I was just reading through the post I wrote when Ezra reached 8 months (read it HERE) and it seems like he has grown and changed so much in such a short amount of time. I love these posts because they are a great reminder to me of what my little man was like at exactly this age. I know will cherish these posts and the memories they refresh so much.
So at this moment, right now Ezra is learning to walk, what an amazing thing. He is getting more confident every day. A couple of weeks ago he learnt how to go from sitting to standing by himself, without pulling up on anything. Now he stands up, then picks up the full size Basketball and walks a few steps holding it. I cannot believe it. He is starting to try to walk around instead of crawling, but the most he can do is about ten steps without falling. If he really wants to get somewhere fast, he will still crawl. I wonder how long it will be until he is just walking everywhere? At least it will save the knees of his pants from becoming worn through!
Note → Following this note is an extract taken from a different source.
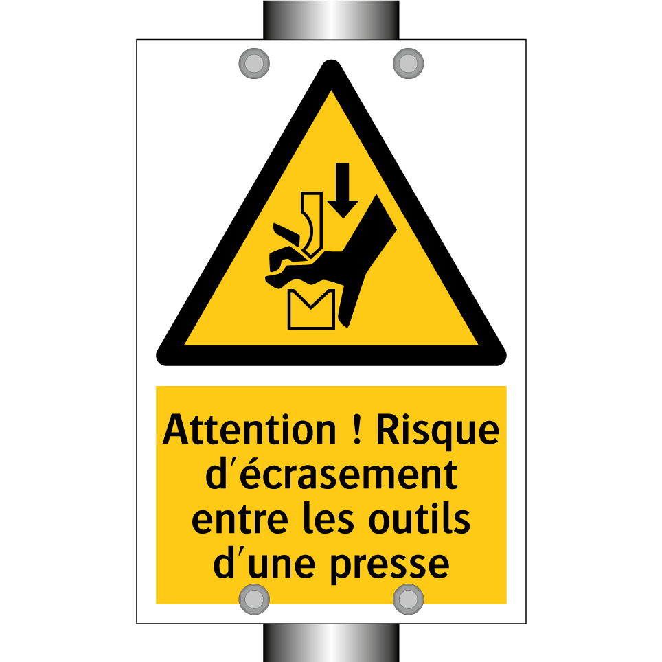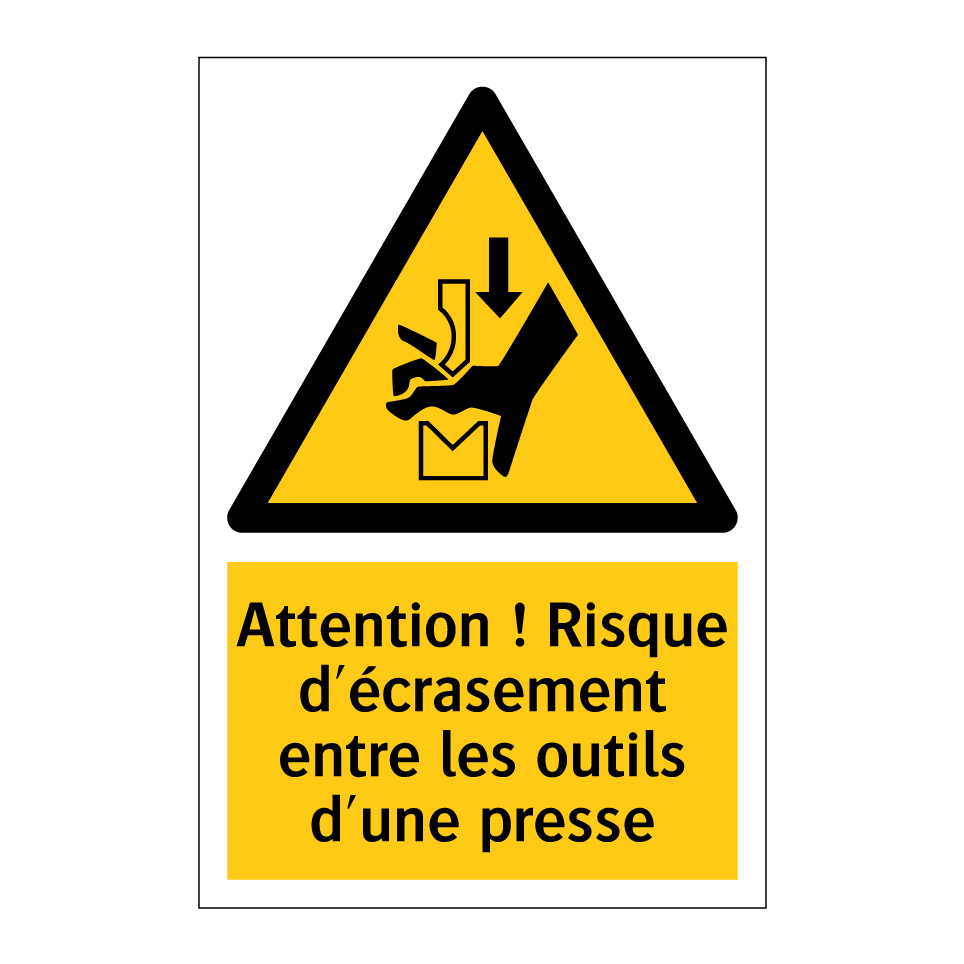 Panneau d'avertissement avec le texte : "Attention ! Risque d'écrasement entre les outils d'une presse"

He now has six teeth, with more coming through, I feel like the next ones aren't coming through in the 'correct' order, it just seems like his whole mouth is in pain. Teething, does it ever end? It feels like it has been consistently happening from about 4 months old.
He just learnt to climb up onto the couch, and thinks it is so great to sit up there next to us, it is so adorable. He loves reading stories, it is the only time he ever sits still, apart from sleeping. He despises wearing shoes, and cries and screams whenever I try, I am hoping we can overcome this soon, the photo above he put up with the shoes, but I took them off about five minutes after the photos were taken, I think he may be a little hippy baby!His laugh and his smile are contagious, he makes me laugh so hard everyday, hasn't done much for my stomach muscles yet though. We are getting the the time where he is really starting to exert his own will and get upset when he can't do what he wants, I know a whole new learning curve is on its way for me.
It is hard to believe my baby is almost a toddler, and how fast this year has gone. I celebrate his achievements like they are my own, and feel it so deep down in my heart when he is hurting or upset, I never knew I could love as much as this. I'll do anything for him, and one little smile just makes me feel like the luckiest person in the world that I get to spend my days with such an amazing little boy.